WPP’s Richard Hau explains how AI is helping blind and low vision consumers – and others – access information on healthcare packaging

Barriers to information on healthcare packaging are real – even in the supermarket aisle. But a new market entrant (albeit one with decades of trading history) is determined to tackle health inclusivity and the barriers that hold people back from better everyday health.

Haleon was created in mid-2022 following the completion of its demerger from GSK. The new name ‘Haleon’ merges the words 'hale' (an old English word meaning ‘in good health’) with ‘leon’ (associated with the word ‘strength’). Haleon states it has a competitive advantage in its ability to blend human understanding and trusted science in the products it creates. The Haleon brand portfolio includes Sensodyne, Voltaren, Panadol and Centrum.

As a new company, Haleon has a clear purpose ‘to deliver better everyday health with humanity’, and it is focussed on looking to address real consumer needs to make better everyday health more inclusive, more achievable and more sustainable.

Recognising the issues some were facing accessing healthcare information, Haleon felt it was time to act.

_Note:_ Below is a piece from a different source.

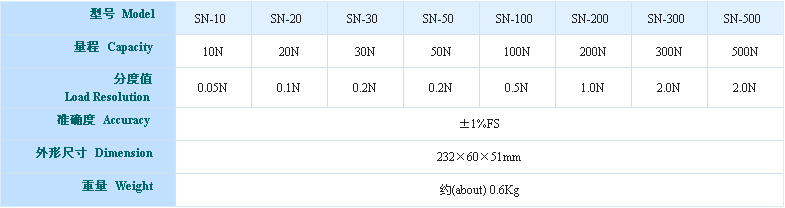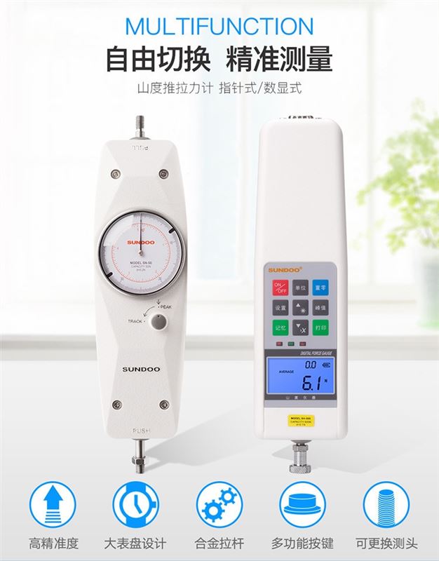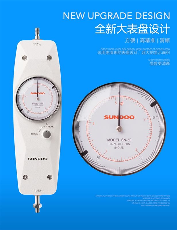 SN系列推拉力计是小型简便的推力、拉力测试仪器,具有高精度、易操作及携带方便之优点,而且有一个峰值切换操作旋钮,可做荷重峰值指示及连续荷重值指示。适用于电子电器、轻工纺织、建筑五金、打火机及点火装置、消防器材、制笔、制锁、渔具、动力机械、科研机构等行业的推拉负荷测试,是代替管形推拉力计的新一代产品。

“Together with Haleon we recognised that there are three main barriers to accessing better everyday health: health literacy, healthcare accessibility, and bias and prejudice. These barriers form the basis of the Haleon social impact strategy to champion health inclusivity. So, we were looking to see what Haleon could do here,” says Hau. “We had to show both action and impact. As the first piece of action towards health inclusivity, the data showed us healthcare accessibility is a space Haleon could have a prominent voice.”

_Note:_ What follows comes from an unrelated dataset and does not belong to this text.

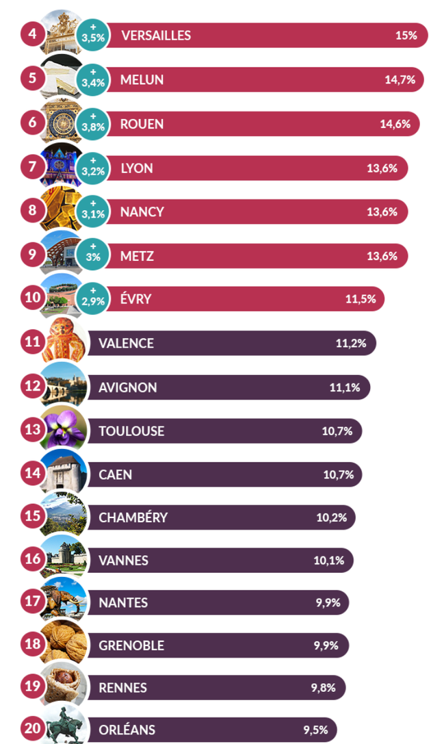 Que des grandes villes direz-vous… Et bien non ! Versailles se situe en 4e position du classement avec 15 % d'infidélité, suivie de Melun (14,7 %), soit 0,01 % de plus que Rouen, qui se hisse à la 6e place du classement.

What Hau is talking about goes beyond the fundamental accessibility issues all companies should address while doing business. Haleon’s ambition was much more far-reaching and required the combined insights and expertise of the company, WPP and WPP’s partner – Microsoft.

“Microsoft is really big in the accessibility space,” says Hau. In 2017 it developed a wonderful app called ‘Seeing AI’ which was spearheaded by Microsoft engineer Saqib Shaikh. One of the key functions of this app is a barcode reader. It enables anyone with low vision or blindness to scan a barcode and the information associated with that barcode is then read out loud.

Haleon and the WPP team worked with Microsoft and Saqib to enhance the functionality of the Seeing AI app to integrate Haleon product SKUs. “We've enabled the app to read all the information available on the Haleon packaging, from the ingredients to the warnings, to the dosage, to the legal information. The consumer can also jump through the headings on the packaging so they can reach the information they are interested in quickly,” Hau says.

When Haleon adopted the technology, ‘Seeing AI’ was already serving hundreds of thousands of people, so there was already significant confidence in the technology that already comprised language-detection functionality and proximity warning – it will be available on Android in the future.

The app succeeds in delivering information to blind and low vision consumers; it also has the potential to help those who might have trouble reading to access the information on Haleon product labels.

The team at Grey New York was brought on board to work on the campaign as Haleon and WPP wanted to tell as many people as possible about the app and its new enhanced functionality. Grey built on a concept already anchored into the healthcare category: ‘Always read the label, even if you can't’.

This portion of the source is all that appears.